Longest opening post of SJ.com history: See this.
Loopy: A reference to New York comminist Mike Lupica. While it might appear to be an offshoot of his name, it is actually how he acts most of the time.
Looser: Became SportsJournalists.com's spelling of "loser," as per bandwagon_boy's spelling when he came on to take credit for a major board crash.
---------------------- MMM --------------------------
Malodorous Swill: Once used to describe the press box food at a Notre Dame football game. See also Fetid Tubes of Flesh.
Mexico, Ron: A specific alias a poster supposedly uses when they are trolling for, er, companionship on the down low. Inspired by a court filing in which a Georgia woman claimed to have contracted VD from Michael Vick, who allegedly used the pen name "Ron Mexico" when registering them at hotels that didn't quite crack the Michelin Guide, and an offshoot Web site that generated random names in a similar vein.
---------------------- NNN --------------------------
NIAFL: No Idiots Allowed Fantasy League. It also means No Invitations Are Forthcoming, Loosers!!! Sorry, but it's the most exclusive fantasy league on SportsJournalists.com ... our own Skull and Bones, if you will.
Never actually happened: What should be a mandatory response when someone claims they spit Coke everywhere, since no one can actually recall the last time they or anyone they know ever did it.
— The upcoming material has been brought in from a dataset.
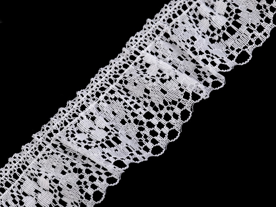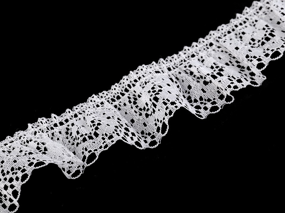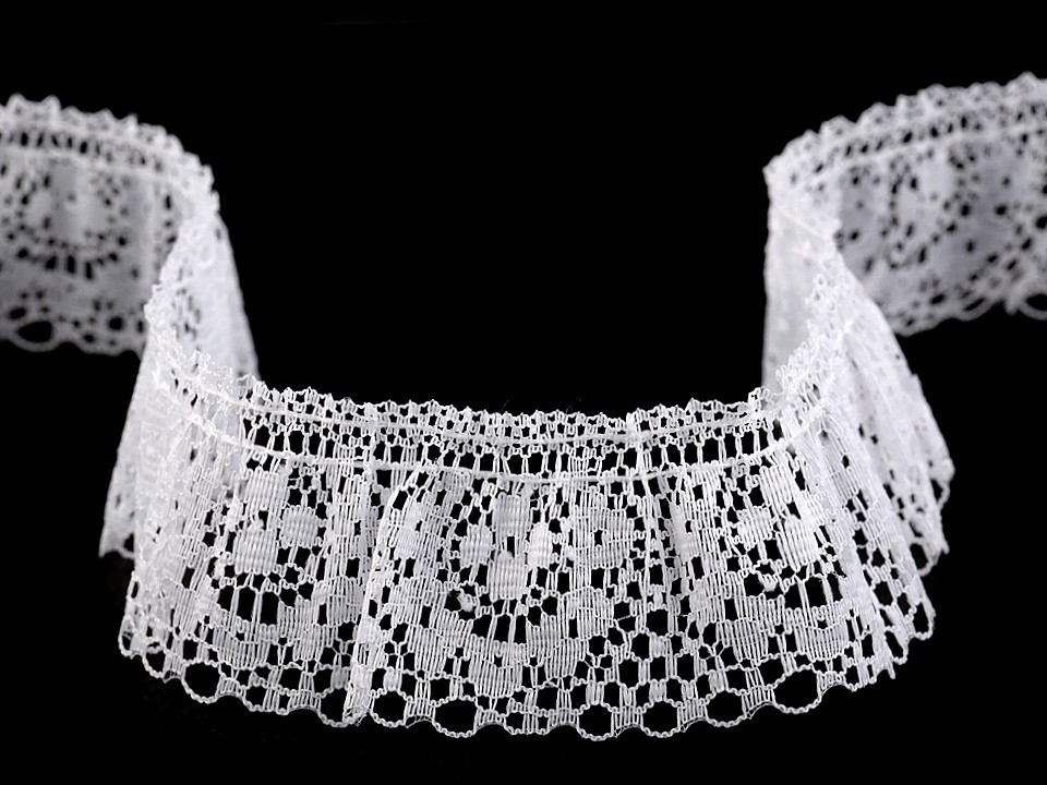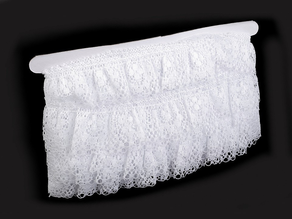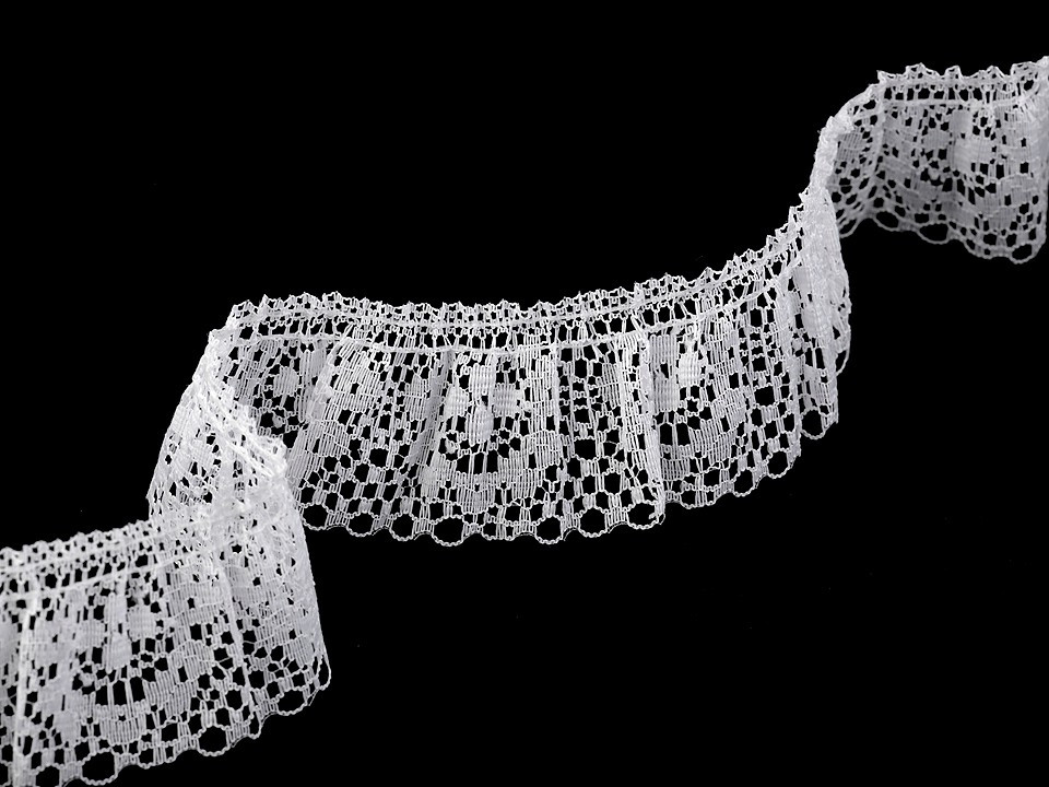 Použití: Krajkový volánek využijete na ozdobení podvazků, spodního prádla, šatů, sukní a halenek. Můžete jej také našít na bytové doplňky, například na polštáře, ubrusy nebo čelenky do vlasů.

Night crew/day crew: Pretty self-explanatory, though the distinction is usually that the night crew tends to be far wackier than the day crew, though the day crew gets first crack at breaking news, especially industry-related things. The night crew tends to be responsible for inane threads that drag on due to the prevalence of second-shift AM-paper people, poster insomnia, depression, drunkeness or insanity.
Not That There's Anything Wrong With That: Usually indicates that the posters definitely thinks there is something wrong with whatever "that" may be. Taken from the Jennifer Aniston movie "The Object of my Affection," in which it was first uttered by Alan Alda. Often seen in it's shorthand form "NTTAWWT."